*** Given data Section Begins ***

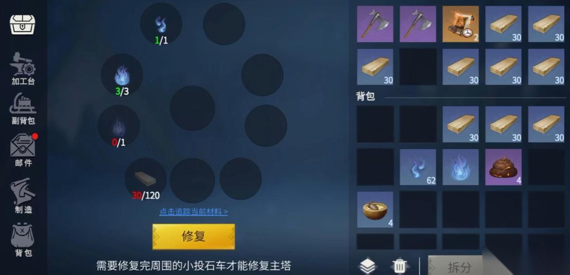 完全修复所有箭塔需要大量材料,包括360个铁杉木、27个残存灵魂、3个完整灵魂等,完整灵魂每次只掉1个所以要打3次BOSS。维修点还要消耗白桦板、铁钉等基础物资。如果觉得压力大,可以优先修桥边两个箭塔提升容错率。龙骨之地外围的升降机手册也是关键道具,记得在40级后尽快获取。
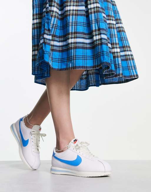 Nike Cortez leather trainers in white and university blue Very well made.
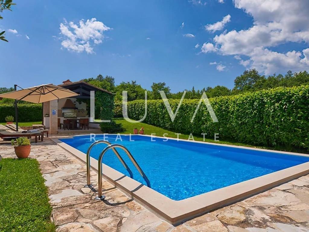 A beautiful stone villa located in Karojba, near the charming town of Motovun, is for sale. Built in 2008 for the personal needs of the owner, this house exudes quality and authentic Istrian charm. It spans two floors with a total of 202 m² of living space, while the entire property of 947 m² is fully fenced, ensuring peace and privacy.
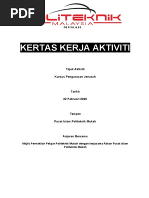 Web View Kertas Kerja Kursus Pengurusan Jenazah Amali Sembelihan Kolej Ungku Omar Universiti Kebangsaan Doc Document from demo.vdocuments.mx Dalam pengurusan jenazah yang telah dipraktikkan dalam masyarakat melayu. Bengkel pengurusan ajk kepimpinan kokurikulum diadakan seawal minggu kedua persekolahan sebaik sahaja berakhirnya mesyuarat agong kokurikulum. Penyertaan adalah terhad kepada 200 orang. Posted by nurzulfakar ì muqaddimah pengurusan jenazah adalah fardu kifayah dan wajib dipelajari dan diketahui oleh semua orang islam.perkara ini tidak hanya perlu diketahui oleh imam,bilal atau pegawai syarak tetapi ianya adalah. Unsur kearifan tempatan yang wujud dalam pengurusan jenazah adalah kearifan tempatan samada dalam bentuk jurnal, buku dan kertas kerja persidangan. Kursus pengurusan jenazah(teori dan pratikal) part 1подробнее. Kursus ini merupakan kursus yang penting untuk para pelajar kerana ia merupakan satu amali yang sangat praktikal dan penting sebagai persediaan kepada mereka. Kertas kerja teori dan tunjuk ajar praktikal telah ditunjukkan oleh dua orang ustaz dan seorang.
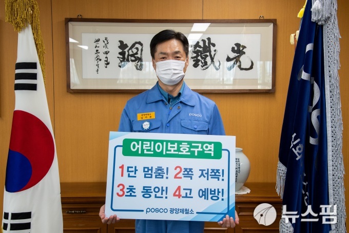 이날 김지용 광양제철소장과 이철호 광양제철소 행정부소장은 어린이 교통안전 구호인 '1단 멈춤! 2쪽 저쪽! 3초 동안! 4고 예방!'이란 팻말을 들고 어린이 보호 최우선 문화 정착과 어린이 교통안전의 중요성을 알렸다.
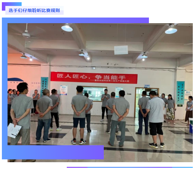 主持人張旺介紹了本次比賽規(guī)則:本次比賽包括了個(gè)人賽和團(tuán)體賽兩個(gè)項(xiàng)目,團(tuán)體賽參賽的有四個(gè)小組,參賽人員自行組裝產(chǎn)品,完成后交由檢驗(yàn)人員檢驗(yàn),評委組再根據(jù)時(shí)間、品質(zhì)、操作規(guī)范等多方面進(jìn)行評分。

*** Given data Section Ends ***

» Assignment
Exclude the pictures and reproduce every entry exactly.

» Reply to the task
 完全修复所有箭塔需要大量材料,包括360个铁杉木、27个残存灵魂、3个完整灵魂等,完整灵魂每次只掉1个所以要打3次BOSS。维修点还要消耗白桦板、铁钉等基础物资。如果觉得压力大,可以优先修桥边两个箭塔提升容错率。龙骨之地外围的升降机手册也是关键道具,记得在40级后尽快获取。
 Nike Cortez leather trainers in white and university blue Very well made.
 A beautiful stone villa located in Karojba, near the charming town of Motovun, is for sale. Built in 2008 for the personal needs of the owner, this house exudes quality and authentic Istrian charm. It spans two floors with a total of 202 m² of living space, while the entire property of 947 m² is fully fenced, ensuring peace and privacy.
 Web View Kertas Kerja Kursus Pengurusan Jenazah Amali Sembelihan Kolej Ungku Omar Universiti Kebangsaan Doc Document from demo.vdocuments.mx Dalam pengurusan jenazah yang telah dipraktikkan dalam masyarakat melayu. Bengkel pengurusan ajk kepimpinan kokurikulum diadakan seawal minggu kedua persekolahan sebaik sahaja berakhirnya mesyuarat agong kokurikulum. Penyertaan adalah terhad kepada 200 orang. Posted by nurzulfakar ì muqaddimah pengurusan jenazah adalah fardu kifayah dan wajib dipelajari dan diketahui oleh semua orang islam.perkara ini tidak hanya perlu diketahui oleh imam,bilal atau pegawai syarak tetapi ianya adalah. Unsur kearifan tempatan yang wujud dalam pengurusan jenazah adalah kearifan tempatan samada dalam bentuk jurnal, buku dan kertas kerja persidangan. Kursus pengurusan jenazah(teori dan pratikal) part 1подробнее. Kursus ini merupakan kursus yang penting untuk para pelajar kerana ia merupakan satu amali yang sangat praktikal dan penting sebagai persediaan kepada mereka. Kertas kerja teori dan tunjuk ajar praktikal telah ditunjukkan oleh dua orang ustaz dan seorang.
 이날 김지용 광양제철소장과 이철호 광양제철소 행정부소장은 어린이 교통안전 구호인 '1단 멈춤! 2쪽 저쪽! 3초 동안! 4고 예방!'이란 팻말을 들고 어린이 보호 최우선 문화 정착과 어린이 교통안전의 중요성을 알렸다.
 主持人張旺介紹了本次比賽規(guī)則:本次比賽包括了個(gè)人賽和團(tuán)體賽兩個(gè)項(xiàng)目,團(tuán)體賽參賽的有四個(gè)小組,參賽人員自行組裝產(chǎn)品,完成后交由檢驗(yàn)人員檢驗(yàn),評委組再根據(jù)時(shí)間、品質(zhì)、操作規(guī)范等多方面進(jìn)行評分。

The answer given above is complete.